Una voce roca e profonda gli impartì il comando. Il sangue iniziò a fremergli nelle vene, allontanando sempre più il torpore che lo avvinghiava. Aprì gli occhi guardandosi rapidamente intorno, ma era solo. Provò a muovere le gambe: erano pesanti e rigide come dei tronchi fradici arenati sulle rive di un fiume. Quella voce inquietante nella sua testa lo intimoriva e dentro di sé sapeva che non avrebbe tollerato un rifiuto, doveva continuare a muoversi, nonostante fosse ferito e debilitato, arrancando sul terreno reso pesante dalla pioggia, sostenendosi di albero in albero, attraverso la fitta e scura vegetazione che lo circondava a perdita d’occhio.

Alberi, ancora alberi… sono giorni ormai che vago senza meta in questa dannata foresta. Sembra non avere fine, dove mi trovo? Non ricordo, non ricordo niente!

La flebile luce di lithien, affiorava a tratti tra le livide nubi, attraversando le cime frondose degli alberi scossi dal vento, illuminando la notte con rapide lance di luce azzurra che rivelavano a malapena la sagoma instabile e indefinita del misterioso viandante. La pioggia battente, brillava in migliaia di riflessi sulla pelle cinerea del volto, delineandone le forme: uno sguardo scuro e sofferente di un giovane onvir, dal piglio deciso e spietato, di chi aveva sfidato la morte innumerevoli volte.
   Tra le enormi radici scoperte, lambite da rapidi rivoli di fango, intravide nuovamente la piccola creatura luminosa che da giorni sembrava guidare il suo cammino. Era grande poco più di un pugno, le piccole ali sbattevano freneticamente, facendo ondeggiare la folta pelliccia dalla quale si intravedevano sei esili zampe. Dalla testolina triangolare, tre grandi occhi neri come la notte, lo scrutavano con aria interrogativa, orientando nella sua direzione le quattro lunghe orecchie affusolate.

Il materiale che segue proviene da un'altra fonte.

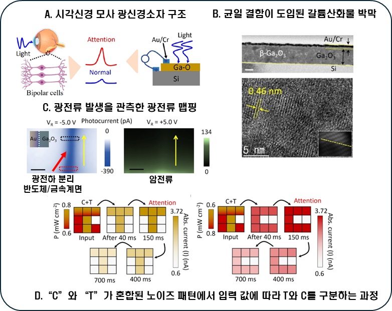 A: 인체 시각신경과 유사하며 광신호의 세기에 따라 인지할 수 있는 정도 조절 B: 위는 단면 전자현미경 사진이며 아래는 확대된 원자결정 사진 C: 레이저 광 조사 하에서 광전류가 어디에 형성되는지 전류 멥핑을 이용하여 관측 D: 문자 C와 T를 혼합하여 광입력 신호를 주었을 때 광 센서의 프로그램을 통해 C를 인지하거나 혹은 T를 인지 및 저장할 수 있고, 이를 적절한 시간 내에서 지우게 할 수도 있다. |

Di nuovo quello strano animale luminoso! Non so cosa sia, ormai non distinguo più cosa è reale e cosa è un sogno! Non so nemmeno perché lo stia seguendo, ma… è come se mi stesse guidando verso qualcosa… il bisogno di seguirlo è ormai irrefrenabile.
   Devo capire cosa mi è accaduto… quell’orrenda voce… non voglio più sentirla.